_Records for this exercise:_
_____

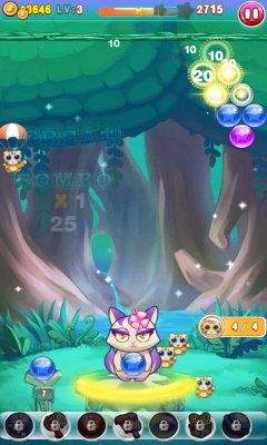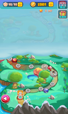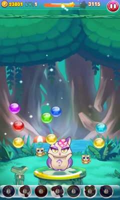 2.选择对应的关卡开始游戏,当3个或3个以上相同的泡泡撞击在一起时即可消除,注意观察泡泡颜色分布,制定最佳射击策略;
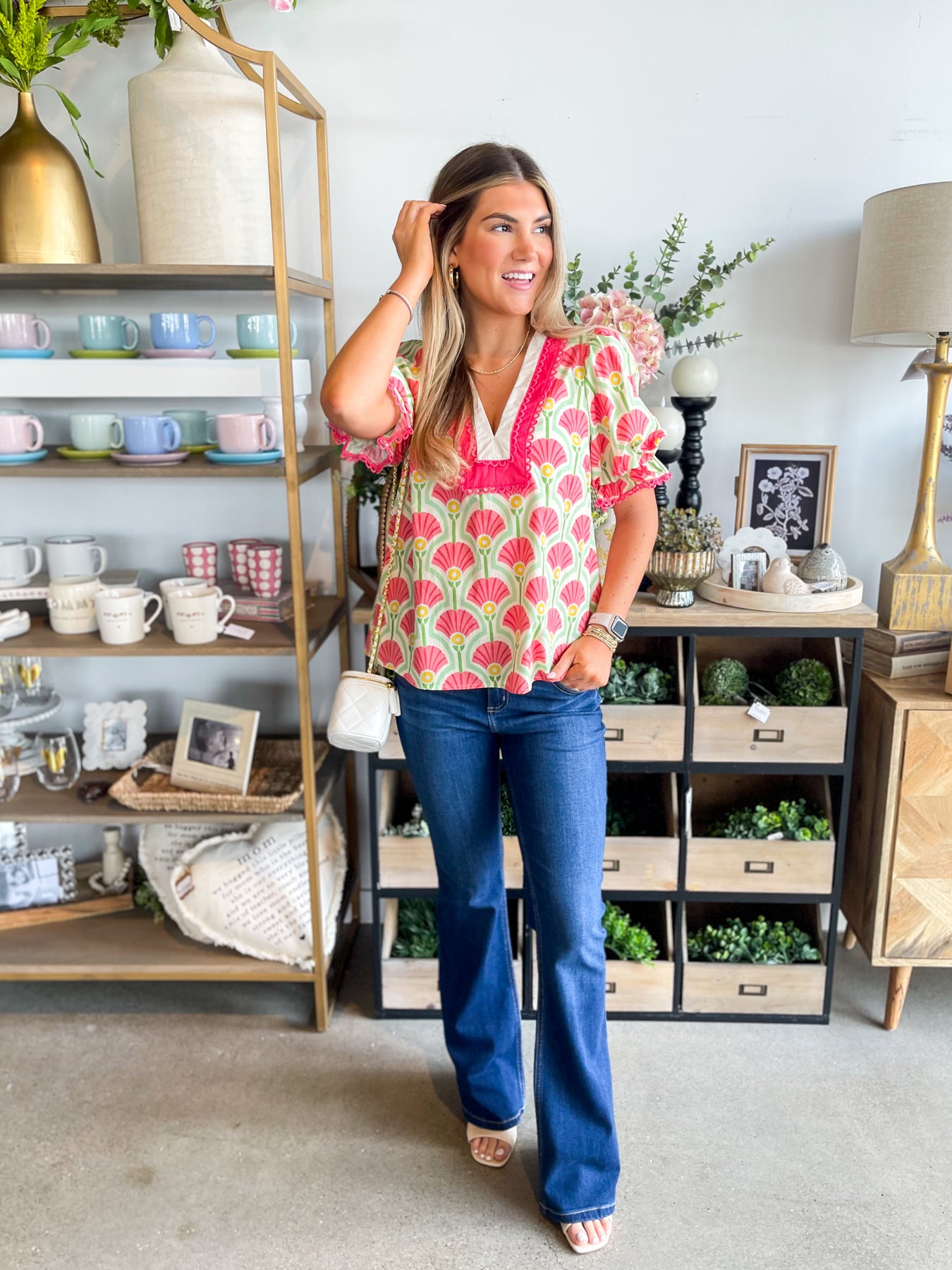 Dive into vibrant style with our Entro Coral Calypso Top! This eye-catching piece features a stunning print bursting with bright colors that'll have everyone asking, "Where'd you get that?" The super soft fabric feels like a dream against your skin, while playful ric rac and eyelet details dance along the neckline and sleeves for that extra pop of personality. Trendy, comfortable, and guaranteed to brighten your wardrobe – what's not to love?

_____

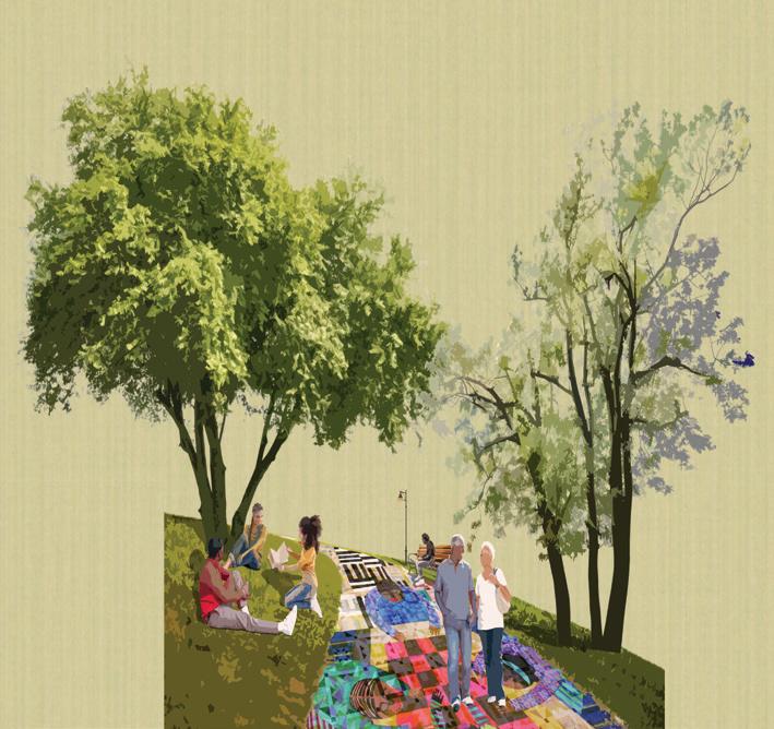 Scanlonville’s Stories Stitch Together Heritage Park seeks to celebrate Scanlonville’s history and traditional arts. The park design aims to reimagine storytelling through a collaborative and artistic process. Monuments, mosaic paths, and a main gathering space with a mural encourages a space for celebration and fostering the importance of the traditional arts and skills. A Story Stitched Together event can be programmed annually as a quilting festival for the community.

_____

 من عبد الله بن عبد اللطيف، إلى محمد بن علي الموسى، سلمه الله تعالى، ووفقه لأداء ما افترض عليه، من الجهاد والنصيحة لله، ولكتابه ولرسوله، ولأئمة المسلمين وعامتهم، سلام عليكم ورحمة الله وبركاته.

_____

_What the task requires:_
Exactly the lines above, from the one containing "2.选择对应的关卡开始游戏,当3个或3个" down to the one containing "Dive into vibrant", are to be repeated, including both ends. Pictures are not part of the copy.

_Written response:_
 2.选择对应的关卡开始游戏,当3个或3个以上相同的泡泡撞击在一起时即可消除,注意观察泡泡颜色分布,制定最佳射击策略;
 Dive into vibrant style with our Entro Coral Calypso Top! This eye-catching piece features a stunning print bursting with bright colors that'll have everyone asking, "Where'd you get that?" The super soft fabric feels like a dream against your skin, while playful ric rac and eyelet details dance along the neckline and sleeves for that extra pop of personality. Trendy, comfortable, and guaranteed to brighten your wardrobe – what's not to love?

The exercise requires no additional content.